WHAT YOU NEED TO DO
The reply should contain every line of the data, repeated exactly, and no pictures.

SUPPLIED MATERIAL
◇ ◇ ◇ ◇

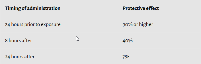 De radioactieve jodiumblokkerende dosis KI moet aanwezig zijn vóór blootstelling aan radioactief jodium (I-131). Maar de dosis mag niet meer dan 24 uur vóór de blootstelling worden ingenomen, anders wordt de doeltreffendheid ervan verminderd.
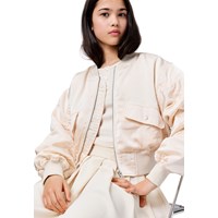 Off-white, sportig kjol med breda veck runtom, vilket ger kjolen en härlig fyllighet och rörelse. Midjan har en elastisk kant, vilket gör kjolen bekväm att bära och lätt att ta på och av.
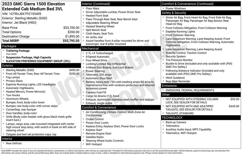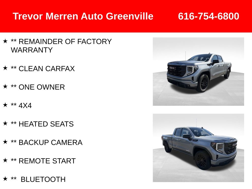 ** REMAINDER OF FACTORY WARRANTY, ** CLEAN CARFAX, ** ONE OWNER, ** 4X4, ** HEATED SEATS, ** BACKUP CAMERA, ** REMOTE START, ** BLUETOOTH, ** Passed 40 Pt. Inspection, ** STEERING WHEEL AUDIO CONTROLS, ** TOW PACKAGE, ** POWER SEAT, ** ALLOY WHEELS, ** MULTI-ZONE CLIMATE CONTROL, ** USB PORT, ** AUX JACK, ** 2 KEYS, ** APPLE CARPLAY/ANDROID AUTO, 120-Volt Bed Mounted Power Outlet, 120-Volt Instrument Panel Power Outlet, 2 Charge/Data USB Ports, 2 Type-C Charge-Only Rear USB Ports, 220 Amp Alternator, Auto-Locking Rear Differential, Body Color Header w/Gloss Black Mesh Grille Bars, Color-Keyed Carpeting Floor Covering, Compass, Deep-Tinted Glass, Electric Rear-Window Defogger, Electrical Steering Column Lock, Front Frame-Mounted Black Recovery Hooks, Front Rubberized-Vinyl Floor Mats, GMC Connected Access Capable, HD Rear Vision Camera, High Capacity Suspension Package, Hitch Guidance, Keyless Open & Start, LED Cargo Area Lighting, Manual Tilt-Wheel & Telescoping Steering Column, OnStar & GMC Connected Services Capable, Power Door Locks, Power Front Windows w/Driver Express Up/Down, Power Front Windows w/Passenger Express Down, Power Rear Windows w/Express Down, Preferred Equipment Group 3VL, Push Button Start, Rear Rubberized-Vinyl Floor Mats, Remote Vehicle Starter System, SiriusXM w/360L, Steering Wheel Audio Controls, Theft Deterrent System (Unauthorized Entry), Trailering Package, Wi-Fi Hotspot Capable, Wireless Phone Projection. Priced below KBB Fair Purchase Price!
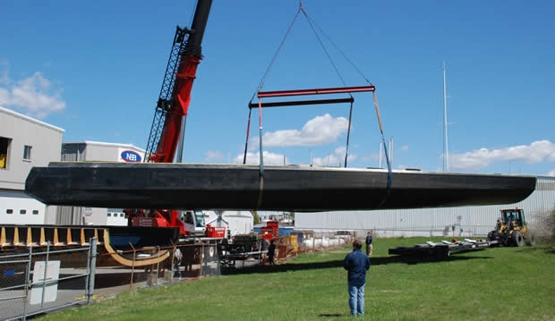 While Jim Clark's new VPLP-Verdier 100ft maxi is in the final stages of construction up in Maine, down at New England Boatworks in Portsmouth, Rhode Island, the hull of George David's Juan K-designed 88 footer has emerged, fresh from her mould.

◇ ◇ ◇ ◇

EXERCISE RESPONSE
 De radioactieve jodiumblokkerende dosis KI moet aanwezig zijn vóór blootstelling aan radioactief jodium (I-131). Maar de dosis mag niet meer dan 24 uur vóór de blootstelling worden ingenomen, anders wordt de doeltreffendheid ervan verminderd.
 Off-white, sportig kjol med breda veck runtom, vilket ger kjolen en härlig fyllighet och rörelse. Midjan har en elastisk kant, vilket gör kjolen bekväm att bära och lätt att ta på och av.
 ** REMAINDER OF FACTORY WARRANTY, ** CLEAN CARFAX, ** ONE OWNER, ** 4X4, ** HEATED SEATS, ** BACKUP CAMERA, ** REMOTE START, ** BLUETOOTH, ** Passed 40 Pt. Inspection, ** STEERING WHEEL AUDIO CONTROLS, ** TOW PACKAGE, ** POWER SEAT, ** ALLOY WHEELS, ** MULTI-ZONE CLIMATE CONTROL, ** USB PORT, ** AUX JACK, ** 2 KEYS, ** APPLE CARPLAY/ANDROID AUTO, 120-Volt Bed Mounted Power Outlet, 120-Volt Instrument Panel Power Outlet, 2 Charge/Data USB Ports, 2 Type-C Charge-Only Rear USB Ports, 220 Amp Alternator, Auto-Locking Rear Differential, Body Color Header w/Gloss Black Mesh Grille Bars, Color-Keyed Carpeting Floor Covering, Compass, Deep-Tinted Glass, Electric Rear-Window Defogger, Electrical Steering Column Lock, Front Frame-Mounted Black Recovery Hooks, Front Rubberized-Vinyl Floor Mats, GMC Connected Access Capable, HD Rear Vision Camera, High Capacity Suspension Package, Hitch Guidance, Keyless Open & Start, LED Cargo Area Lighting, Manual Tilt-Wheel & Telescoping Steering Column, OnStar & GMC Connected Services Capable, Power Door Locks, Power Front Windows w/Driver Express Up/Down, Power Front Windows w/Passenger Express Down, Power Rear Windows w/Express Down, Preferred Equipment Group 3VL, Push Button Start, Rear Rubberized-Vinyl Floor Mats, Remote Vehicle Starter System, SiriusXM w/360L, Steering Wheel Audio Controls, Theft Deterrent System (Unauthorized Entry), Trailering Package, Wi-Fi Hotspot Capable, Wireless Phone Projection. Priced below KBB Fair Purchase Price!
 While Jim Clark's new VPLP-Verdier 100ft maxi is in the final stages of construction up in Maine, down at New England Boatworks in Portsmouth, Rhode Island, the hull of George David's Juan K-designed 88 footer has emerged, fresh from her mould.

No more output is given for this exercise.